In November 2024, Dr. Dejoux became a post-doctoral fellow co-directed by Dr. David Ting and Dr. Lloyd Bod at the Massachusetts General Hospital Cancer Center and Harvard Medical School. Dr. Ting was the recipient of a 2009 PanCAN Fellowship Award and a 2014 PanCAN Translational Continuation Research Grant. Dr. Dejoux’s current research investigates the role of B cells in the immune regulation of pancreatic cancer, with a particular focus on the involvement of the “dark genome” of pancreatic cancer cells. She ultimately aims to provide unprecedented insights into tumor immunogenicity, immune escape, and identify novel therapeutic opportunities.
Project Overview
Understanding how the immune system responds to pancreatic cancer is a growing area of focus with therapeutic potential, but there is still much that remains unknown. Researchers have been especially focused on studying the interactions between pancreatic cancer and cytotoxic T cells, a type of immune cell that can directly attack cancer cells. However, little is known about the interactions involving B cells, another important type of immune cell that can produce antibodies to protect against infections but that may also have harmful effects in the context of allergic disease, autoimmunity and transplant rejection. Dr. Dejoux aims to better understand anti-tumor antibodies and the B cell response in pancreatic cancer to provide new insights as to how B cell-immunity can be exploited for clinical application that could improve patient outcomes.

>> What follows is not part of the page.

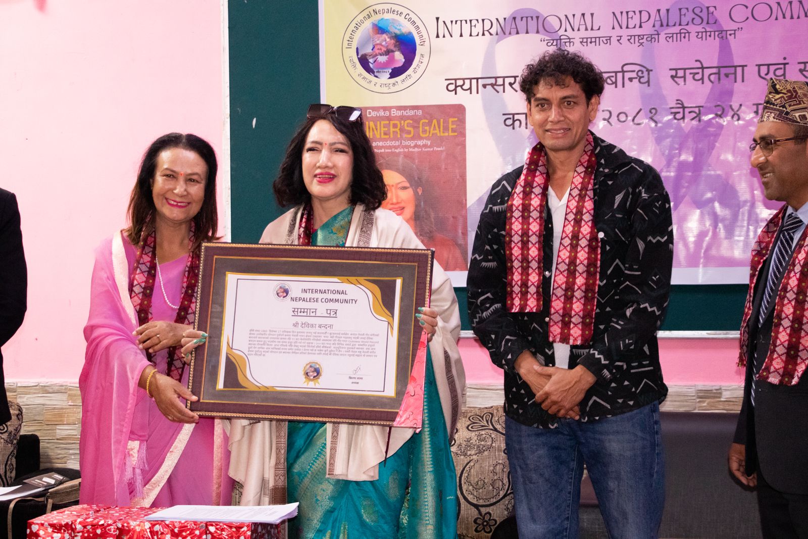 काठमाडौं । इन्टरनेशनल नेप्लिज कम्युनिटी काठमाडौंको आयोजनामा क्यान्सर रोगसम्बन्धी सचेतना कार्यक्रम, वरिष्ठ गायिका देविका बन्दनाको क्यान्सर रोगमाथि विजय प्राप्त गरिसकेपछिको अनुभव तथा सम्मान समारोह अर्याल इन्टरनेशनल होटल, बानेश्वरमा सम्पन्न भएको छ ।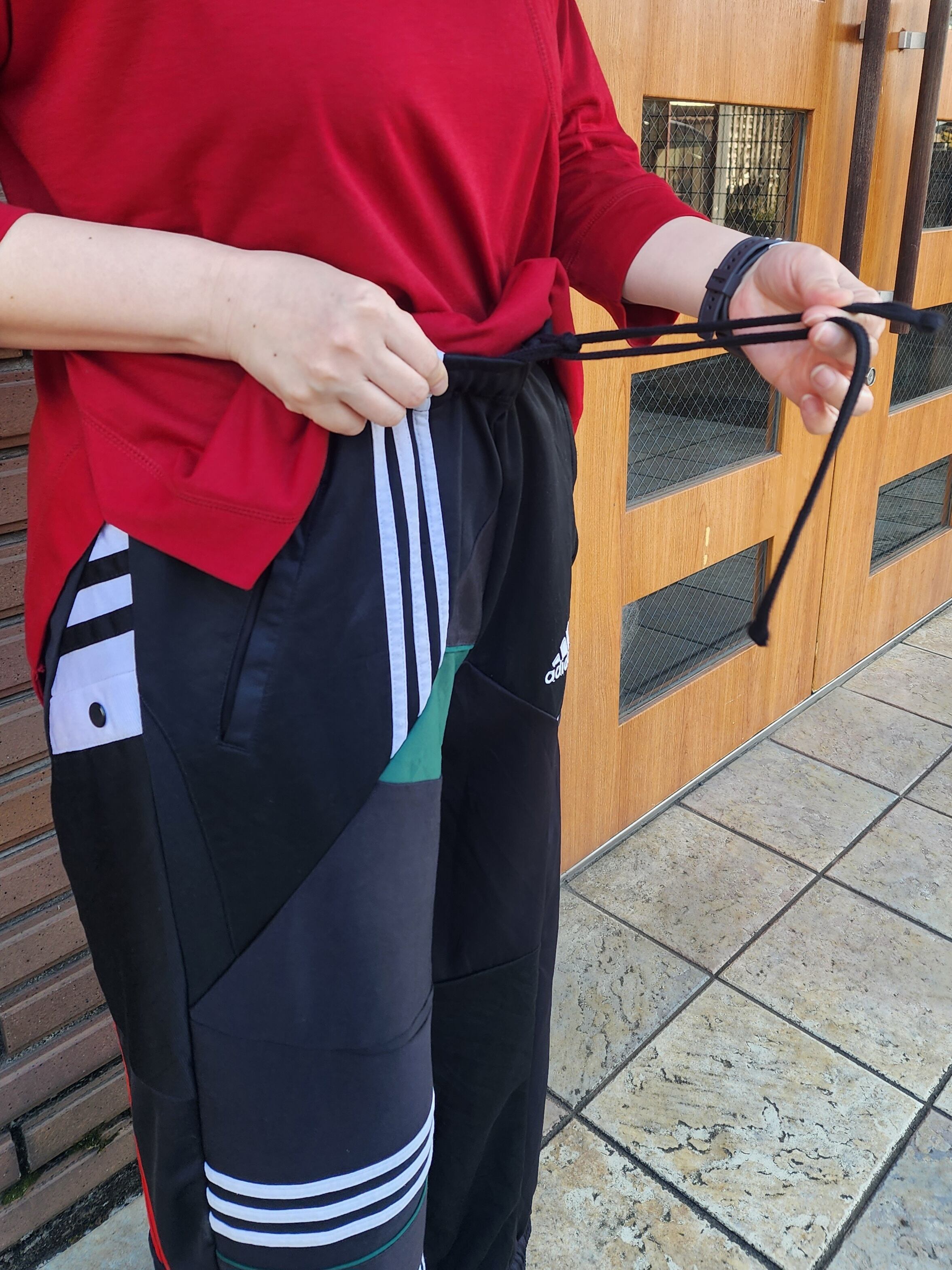 ウエストは総ゴムで紐も通っているので、幅広いサイズに対応しています。

For her Fellowship project, generously funded by the Francois Wallace Monahan fund in memory of Michael Insel, Dr. Dejoux will profile patient blood and tissue samples to characterize the relationship between pancreatic cancer and the B cell immune response. Her studies involve quantifying anti-tumor autoantibodies from patient blood samples and correlating their levels with patient survival. Furthermore, Dr. Dejoux will isolate these anti-tumor autoantibodies and B cells from patient blood samples for deeper characterization and functional studies using a pancreatic cancer mouse model. Dr. Dejoux hypothesizes that patients have B cells that produce anti-tumor antibodies which recognize “dark genome” proteins -- special proteins made from hidden parts of DNA that scientists once thought were non-functional. Although normally silent in healthy cells, these dark genome genes have been found to be activated in pancreatic cancer cells, serving as a tumor-specific target for the anti-tumor B cell response. She predicts that unlocking the hidden immune response to the dark genome proteins in pancreatic tumors will open the door for developing vaccines to exploit the anti-tumor B cell response. This research may also allow the use of autoantibody profiles as biomarkers to stratify patients and guide patient care management.
Overall, this work will provide novel insights into the role of naturally occurring anti-tumor antibodies in pancreatic cancer patients and how they may function to delay disease progression. Dr. Dejoux is hopeful that this translational work will ultimately help improve patient outcomes.